The tCP-profile and the genome organization of FMDV and HRV
Figure 6 shows the shared similarities and dissimilarities, at a local level, between the <AG> and <AC>-usages observed (tCPo) and the estimated (tCPe) in the alignments of (i) FMDV-C and HRV14, (ii) FMDV-A and HRV14 and (iii) FMDV-SAT1 and HRV-A polyprotein coding ORFs relative to their genome organization.
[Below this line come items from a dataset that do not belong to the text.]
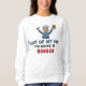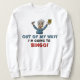 Sai do meu caminho Vou para o Bingo! Amantes do Bingo! Com uma mulher segurando um cartão de bingo e um dabber. Texto / fonte azul, preto e vermelho.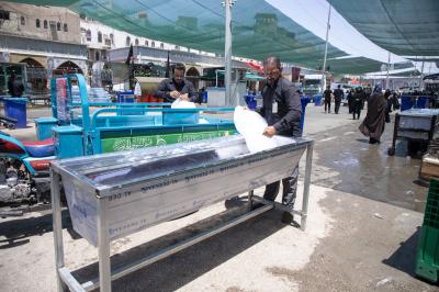 وأضاف أنّ "إنتاج المعملَين من الثلج البلوري في زيارة عاشوراء بلغ 33 ألف كيس بوزن 17 كيلو غرام للكيس الواحد، إذ أنتج معمل العلقمي 18 ألف كيس ومعمل الفرات 15 ألف كيس، أما معمل ثلج الكفيل الخاص بقوالب الثّلج الاعتيادي التابع لشركة الكفيل للاستثمارات العامّة فقد بلغ إنتاجه 15600 قالب ثلج في الزيارة".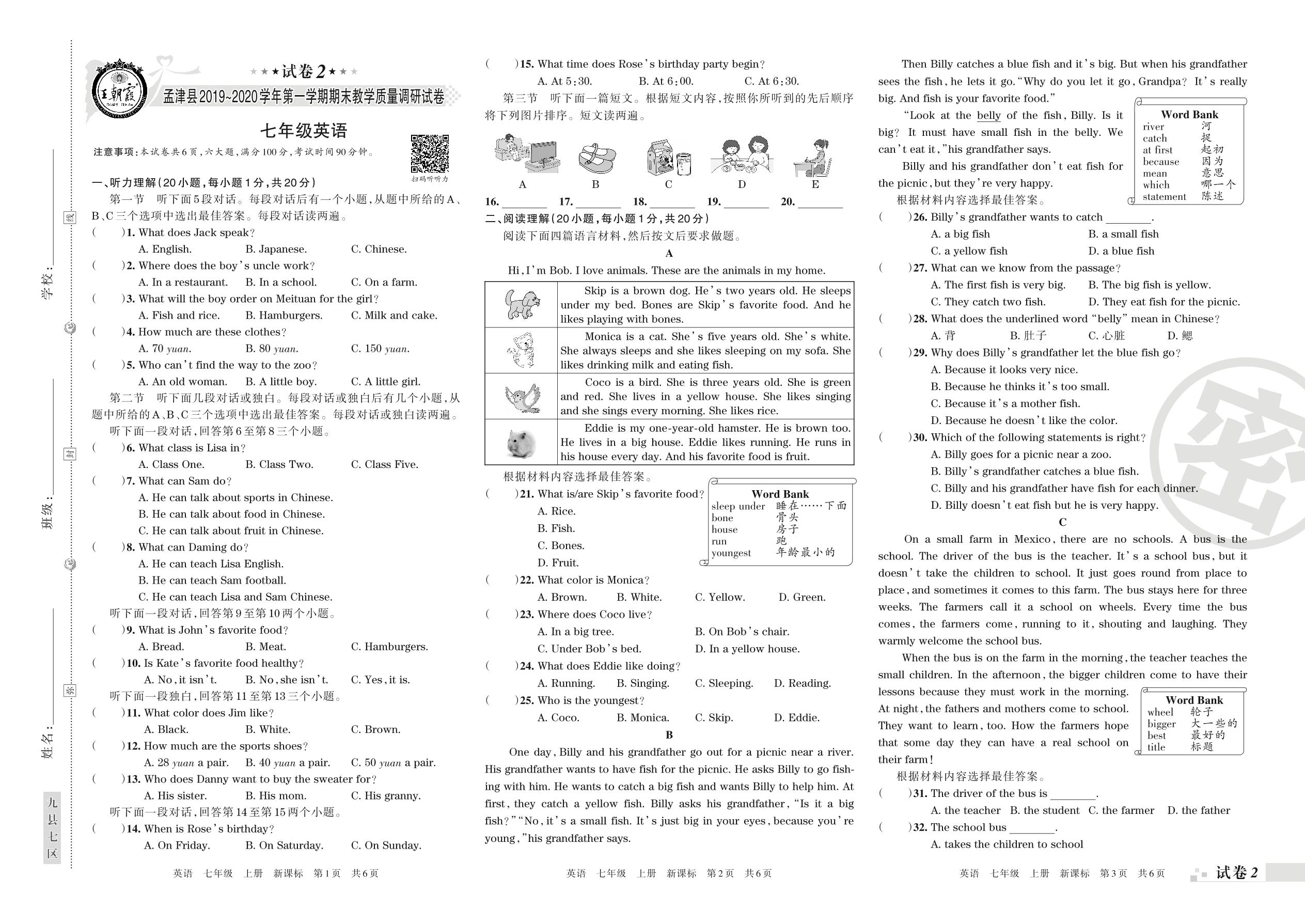 2019-2020学年第一学期洛阳市孟津县七年级英语试卷(新课版)【2】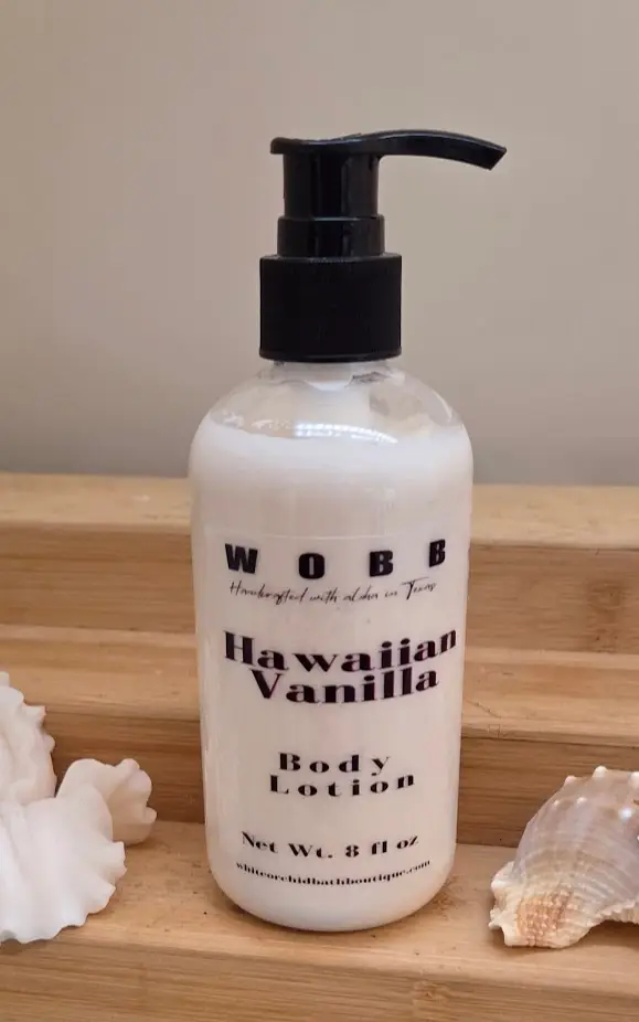 Ingredients: Ingredients: Distilled water, aloe barbadensis miller (aloe vera inner leaf juice), olea europaea (olive) oil, organic vegetable glycerin, prunus amygdalus dulcis (almond) oil, simmondsia chinensis (jojoba) oil, vitellaria paradoxa (shea) butter, theobroma cacao (cocoa) butter, glyceryl stearate, cetearyl alcohol, hawaiian vanilla fragrance, sodium stearoyl lactylate, cetyl alcohol, phenoxyethanol, caprylyl glycol, tocopherol (vitamin e)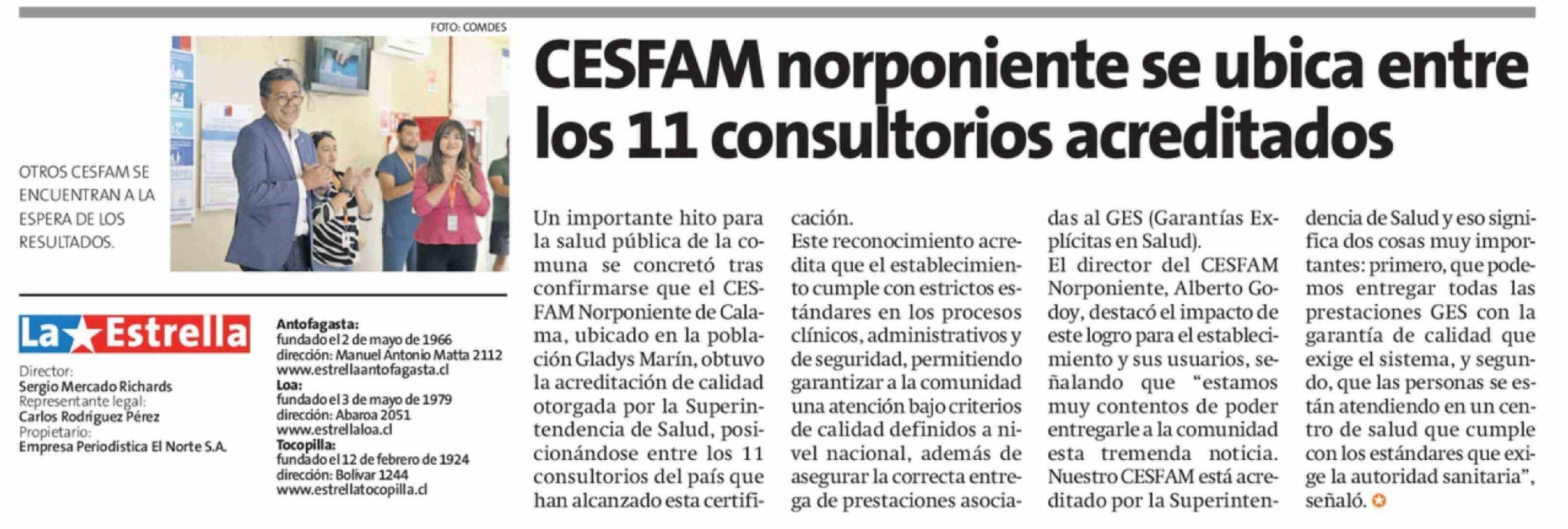 CESFAM norponiente se ubica entre los 11 consultorios acreditados 11-03-2026 La Estrella de Antofagasta |
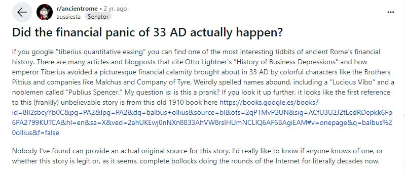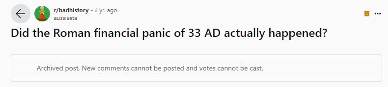 I chose Reddit because I’m a long-time, if frustrated, user (u/aussiesta) and I knew there are plenty of obsessives with time on their hands there and I was very suspicious about what appeared to be a very neat tale about Tiberius and a Roman financial panic in 33 AD. So I put up a call for help (notice the typo in the headline, that Reddit won’t allow correction for):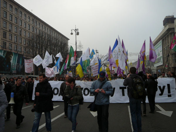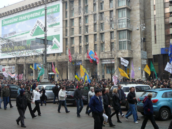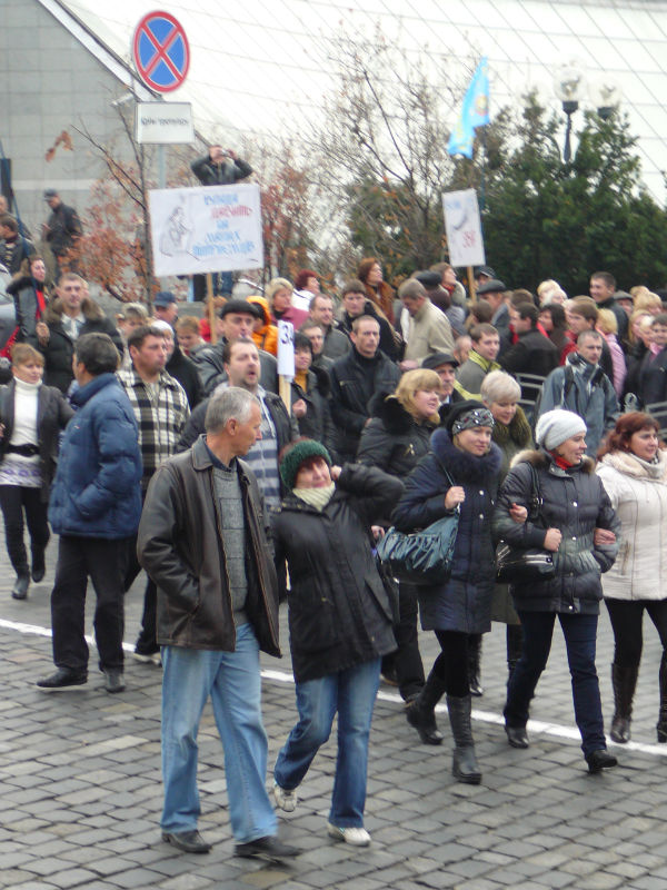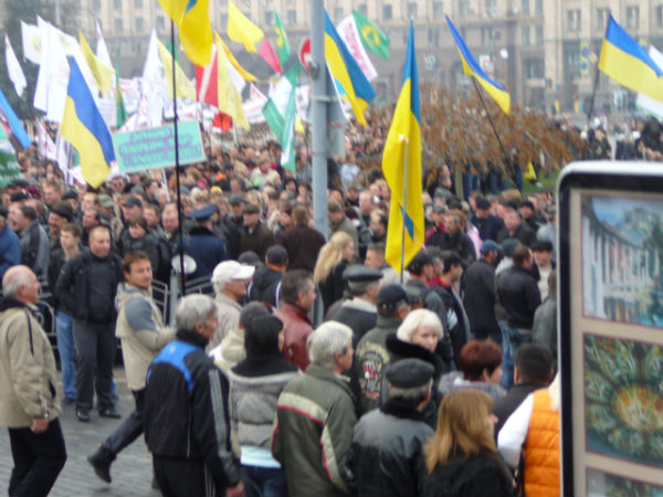 9.50 На Майдані чотири тисячі осіб готові йти під Раду. Прапорів дуже багато – від червоно-чорних до прапорів ринку Троєщина. Гасло троєщинців: «Ні – податковому кодексу Азарова та Тігіпка». Ринок вийшов на вулицю. Видно прапори ринку "Петрівка".

Superimposed to the <AG> profile, an schematic representation of the RNA genomic organization of FMDV and HRV polyprotein coding ORFs may be observed according to the known L-P1-P2-P3 structural scheme24. The FMDV leader proteinase (named L) is an additional N-terminal protein present in some picornavirus genera that can either be a papain-like cysteine proteinase or have another function depending on the virus genus25. P1 represents the region of viral genes coding for structural proteins and P2 and P3 represent the regions coding for non-structural proteins.
Analysis of the distribution of the conserved tCP <AG> along the polyprotein coding ORFs of HRV14, FMDV-C or FMDV-A revealed 3 regions that can be clearly differentiated regarding <AG>-usage (Fig. 6a). These regions are responsible for the high correlation coefficient observed between the <AG>-profiles of the viral genomes. The 5′ and 3′ regions of the polyprotein-encoding ORFs are characterized by <AG>-usages higher than expected in both species, whereas in the central region <AG>-usages are lower than expected. The L region in FMDV-C and FMDV-A is characterized by a constant excess of the <AG>-usage similar to that observed in the VP4 region and in the 5′ region of VP2 in HRV14. The similar <AG>-usages observed in those regions suggest that the L region in FMDV-C and FMDV-A and the VP4 region in HRV14 are characteristic of genera, creating a scaffold-like compositional structure shared by both picornaviruses in spite of the deep functional divergence observed in those RNA fragments. The P1 region, coding for the structural proteins VP4, VP2, VP3 and VP1 is characterized by a continuous decrease in the <AG>-usage in HRV14 except in the L region of FMDV-C. The decrease in <AG>-usage is more pronounced in HRV14 than in FMDV-C but not in HRV14 than in FMDV-A (see arrow in the P1 region in Fig. 6a) showing, therefore, a significant difference in the <AG>-distribution between i) HRV14 and FMDV-A, and ii) HRV14 and FMDV-C. The same occurs in the P3 region of both HRV14 and FMDV-C polyprotein coding ORFs where <AG>-usages are higher than expected. The P3 region contains the sequences coding for the non-structural proteins P3A, P3B (or VPg), P3C and P3D of HRV14 and FMDV-C. The more important difference observed at local level between HRV14 and FMDV-C is in the P2 region. The minimum <AG>-usage is observed in the central part of the P2C protein coding region of FMDV-C while this is not observed in the equivalent region of HRV14.
Figure 6b shows the distribution of the conserved tCP <AC> along the HRV-A and FMDV-SAT1 polyprotein coding ORFs. The rest of the tCPs do not correlate at all. The figure shows two regions that can be clearly differentiated according to <AC>-usage and that are responsible for the high correlation coefficient observed between the <AC>-profiles in both viral genomes. A region is characterized by a continuous increase in <AC>-usage and the other region by a continuous decrease in <AC>-usage. The maximum of <AC>-usage was found near the limit between the P1 and P2 regions of the FMDV-SAT1 and HRV-A genomes. Some variability was observed in some regions of both polyprotein-encoding ORFs (see arrows) such as the VP1, P2C and also P3A and VPg regions, suggesting that these regions could have diverged during speciation events.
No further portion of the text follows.